In the absence of sun or wind or anything that’s going to wear them down they could easily outlast us—our entire civilization, outlast our planet. The Earth will eventually be swallowed by the sun and the Voyagers could still be out there. That’s what’s so exciting about having the golden records on them.
How did the golden records come about?
This was really driven by Carl Sagan. He was a visionary, big-picture thinker about space, and when they realized that the mission was being developed, that they would be able to accelerate the spacecraft beyond the sphere of the sun, I think Sagan realized this opportunity.
They made a conscious effort to be positive and uplifting, to show pictures and music and readings that were the best part of humanity. They debated a little bit about whether to talk about war, to include a mushroom cloud, and Sagan was very adamant that these represent some of the best parts of humanity. We don’t want it to be seen as threatening. I agree with that philosophy. Science and technology are the best parts of us.
And you put a message in a bottle not for the person on the other side but you do it for yourself, reminding ourselves how far we’ve come as a species and the amazing things we can do for good and for knowledge. It’s a good thing for all of us.
Did anyone think aliens would actually ever find these?
I think in general not. They are so small, there are such vast distances between stars, and they’re not going to fly close to any stars or planets. The odds are ridiculously small that they would be found by alien civilization.
I speculate that it’s really going to be us that finds them—as our technology advances, as we travel out into the solar system and the universe we could easily catch up to the Voyagers and it will be us who reads these.
How active is the Voyager science team today?
There are people like Ed Stone [Voyager project scientist at California Institute of Technology] still working on the project, and his students, like Jamie Sue Rankin, who was born after the Voyagers launched.

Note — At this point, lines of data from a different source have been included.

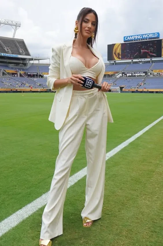 에서 볼 수 있듯이, 그녀는 밝은 색상의 맞춤형 수트를 입고 있으며, 크롭탑과 함께 스타일리시한 모습을 보여주고 있습니다. 그러나 이러한 의상이 과연 스포츠 중계에 적합한 것인지에 대한 논란이 일고 있습니다.
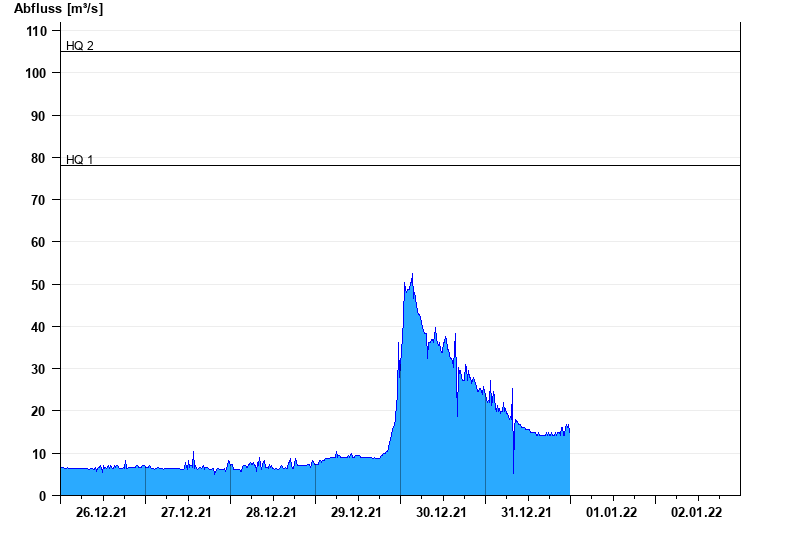 Messwerte beeinflusst durch Kraftwerkssteuerung und Kiesumlagerungen. Kiesanlandungen können bei Niedrigwasser Trockenlegung der Messinstrumente bewirken.
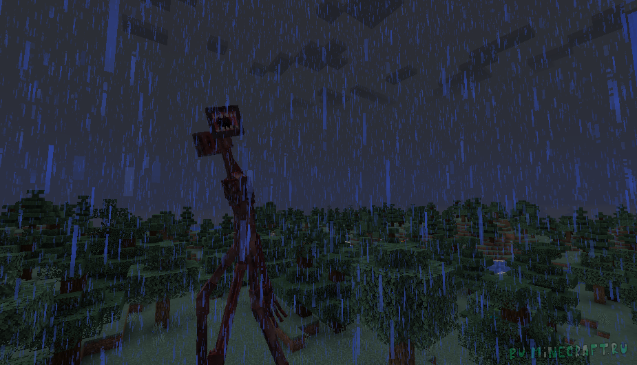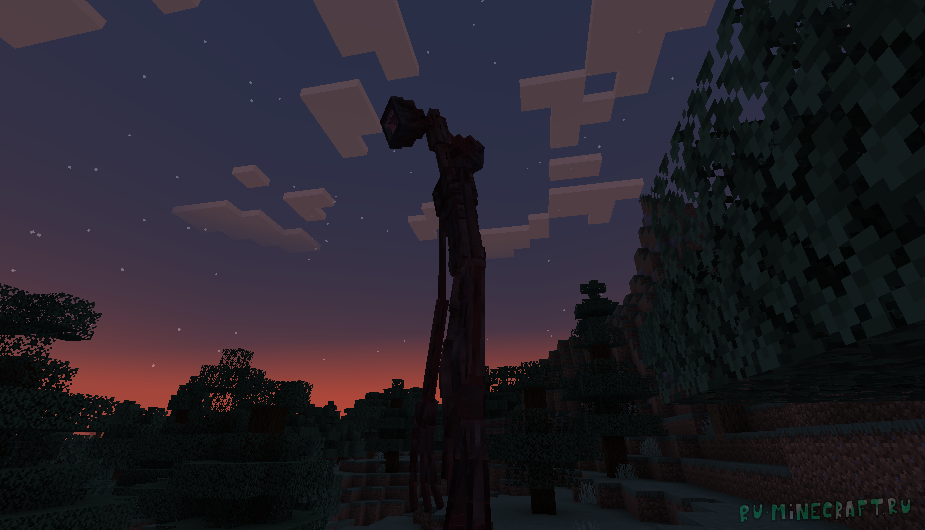 Мод Siren Head: The Arrival добавляет в майнкрафт большого монстра сиреноголового. Он будет следить за вами среди деревьев, и, конечно же, пытаться убить вас разными способами.

She’s a young researcher getting her PhD with Ed using the data. And there are others out there as well. It’s not as large of a community as it used to be, but it’s still a fairly sizable commodity.
I make the point in the book that there’s this misconception among the general public that there are these robots exploring the solar system. But it’s really human exploration, because it’s people controlling these machines, people who wish they were there instead of the machine and who try to experience the place, visually and through chemical instruments, as much as possible. So really Voyager is a voyage of human exploration.